There are seven Haigh's stores in Sydney in the Queen Victoria Building, The Strand Arcade, Chatswood, Westfield Bondi Junction, Westfield Miranda and Castle Towers, with the newest store opening in early September 2025 at Broadway.

There is also a store in the Canberra Centre.

== Products ==
Haigh's produces a variety of chocolate-based confectionery, including regular chocolate bars, blocks, loose chocolates and a variety of seasonal and gift products.

== Recognition and awards==
In 2012, Haigh's was inducted into the Food South Australia Hall of Fame.

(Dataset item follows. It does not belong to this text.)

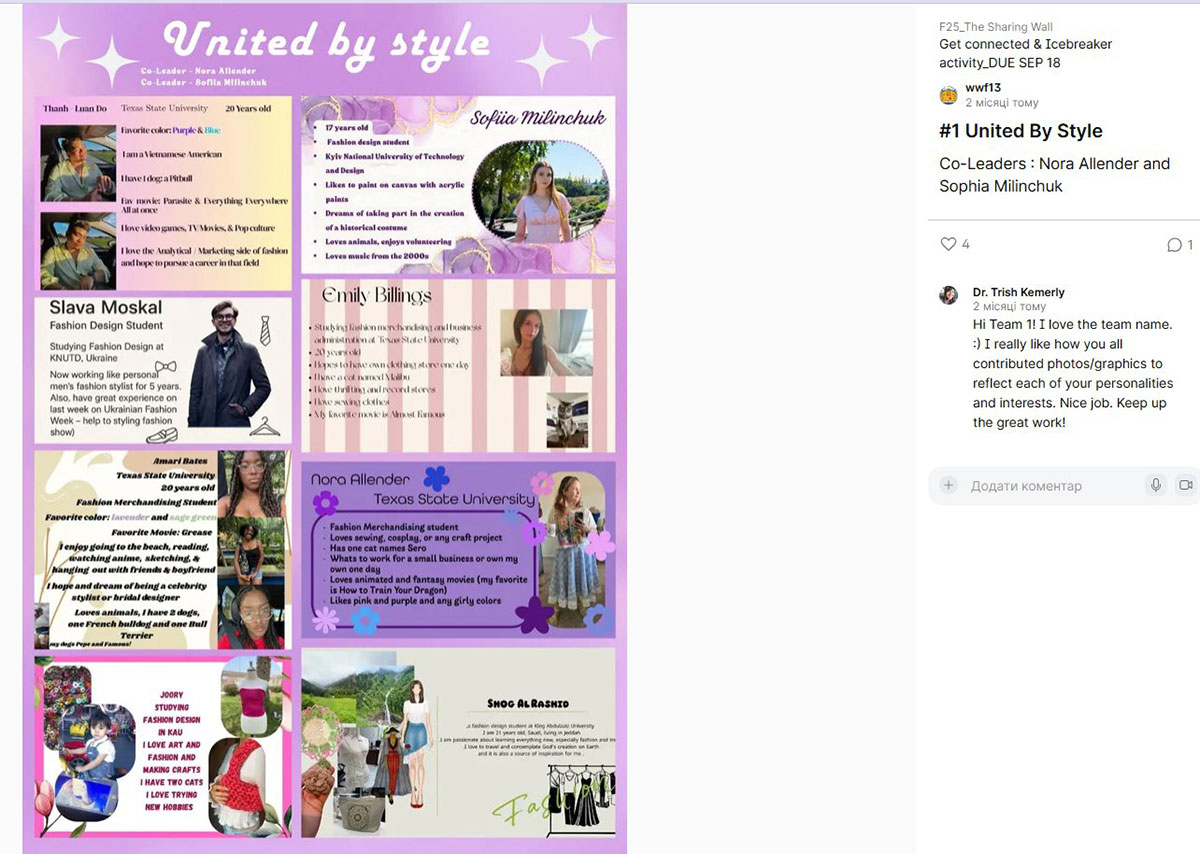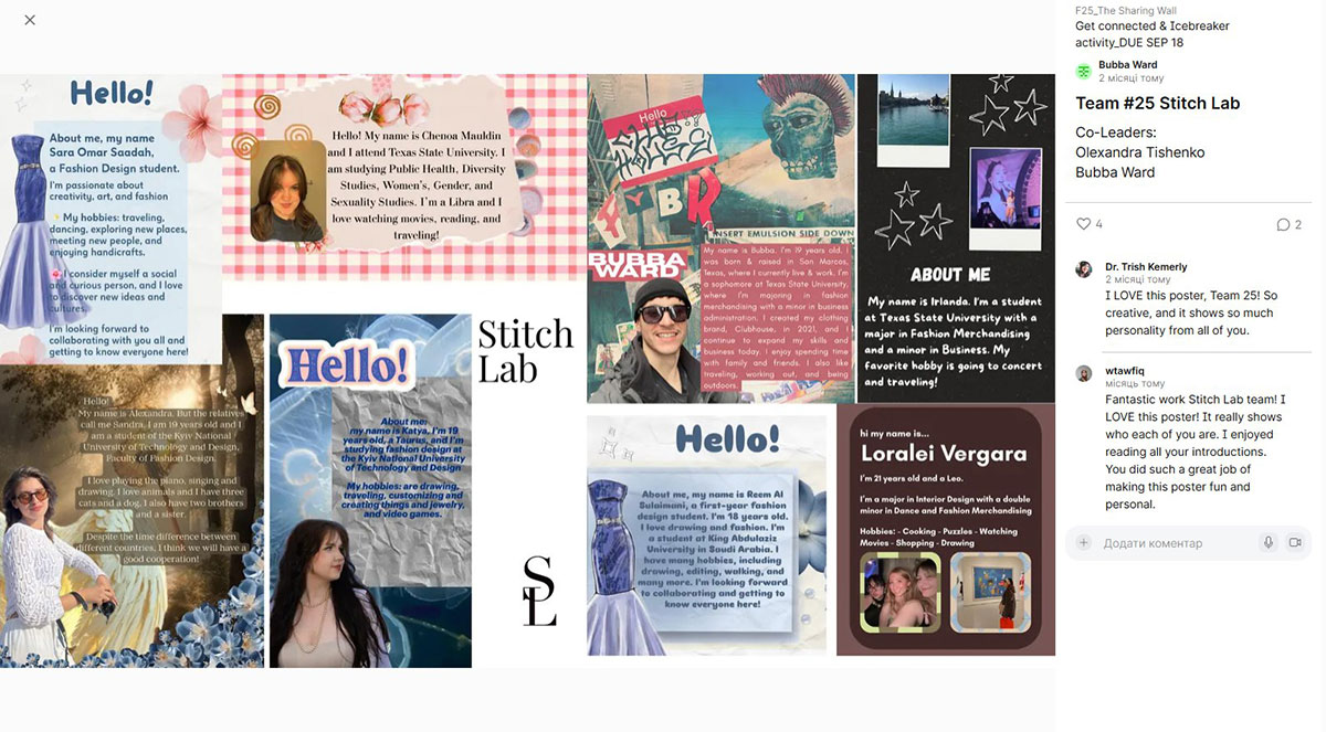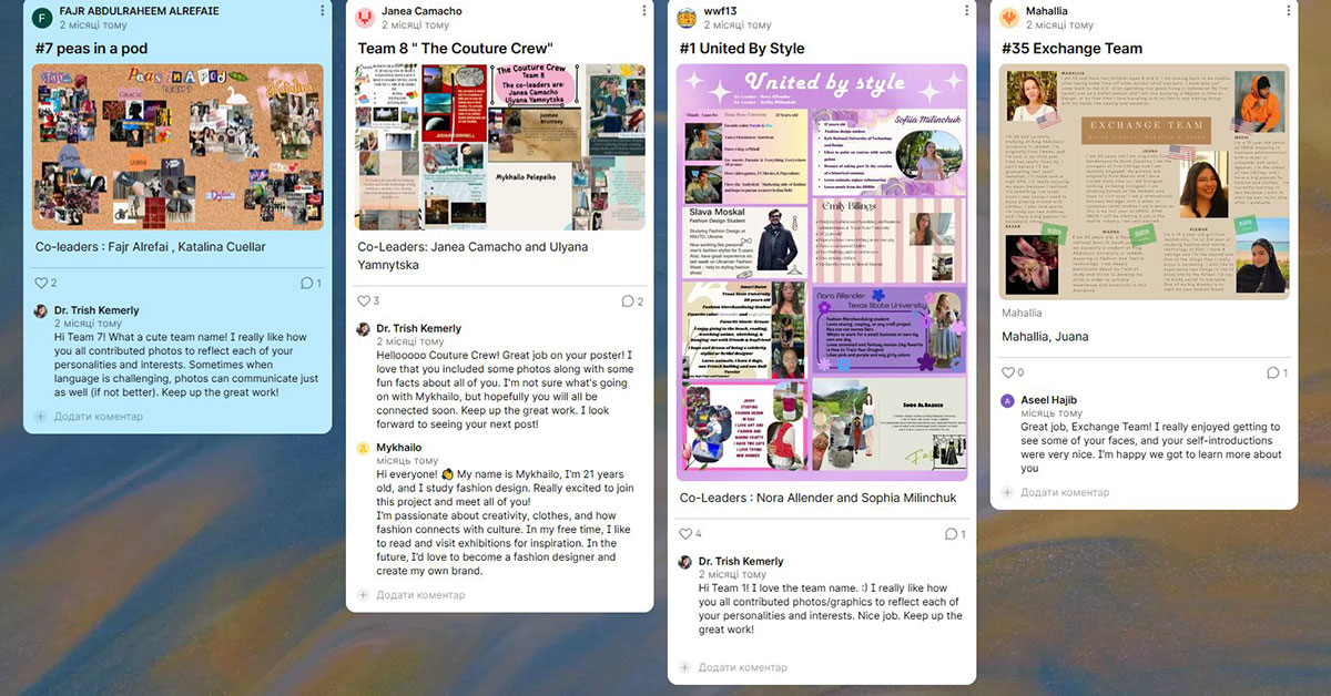 Дякуємо Косетт Джойнер Мартінез, ініціатору проєкту, професору Техаського державного університету, та колегам з інших закладів за співпрацю і можливість для студентів-дизайнерів КНУТД долучитись до міжнародної академічної мобільності!
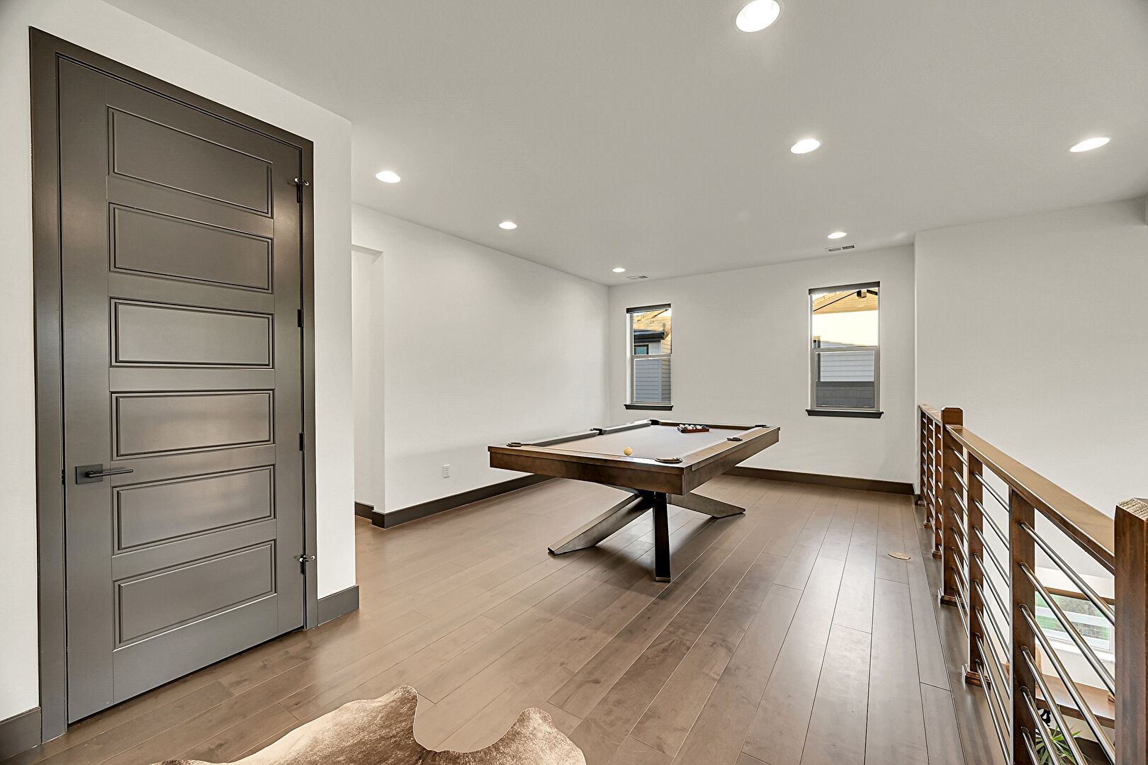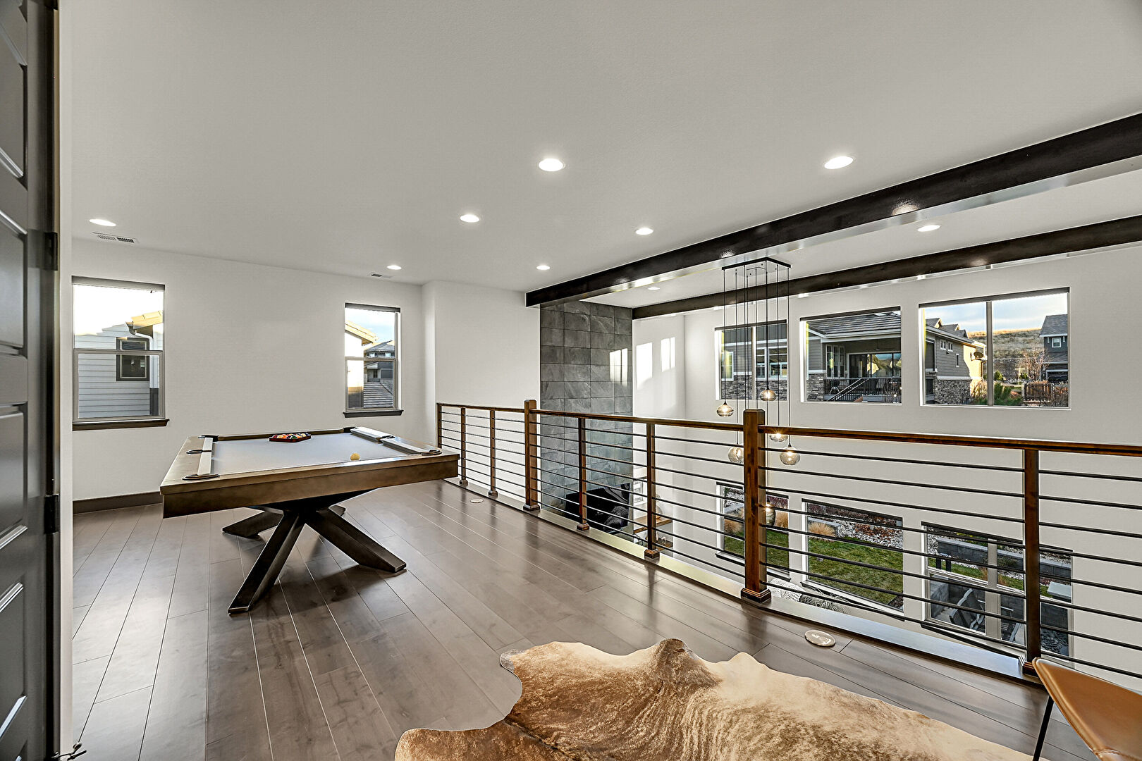 Baseboards Wall, Beamed Ceiling, Billiards, Drywall, Natural Light, Recessed Lighting, Vent, Wood Finish Floor, Baseboards Wall, Beamed Ceiling, Recessed Lighting

In 2022, the company received a consumer award at the South Australian Premier's Food and Beverage Industry Awards.

== Miscellaneous ==
Haigh's supports Alternative Communities Trade in Vanuatu (ACTIV), local chocolate-making company Aelan and local cocoa bean farmers from the region. The company has produced a single-origin Vanuatu chocolate bar through the cooperation.

Rabbits in Australia, initially introduced to the continent by European settlers in the 1700s, have become an unwanted pest since the late 1800s, causing widespread environmental and economic damage, and expensive control measures. Since Easter 1993, Haigh's has sold a chocolate Easter Bilby as an alternative to the Easter Bunny with part proceeds from sales being donated to the Foundation for Rabbit Free Australia.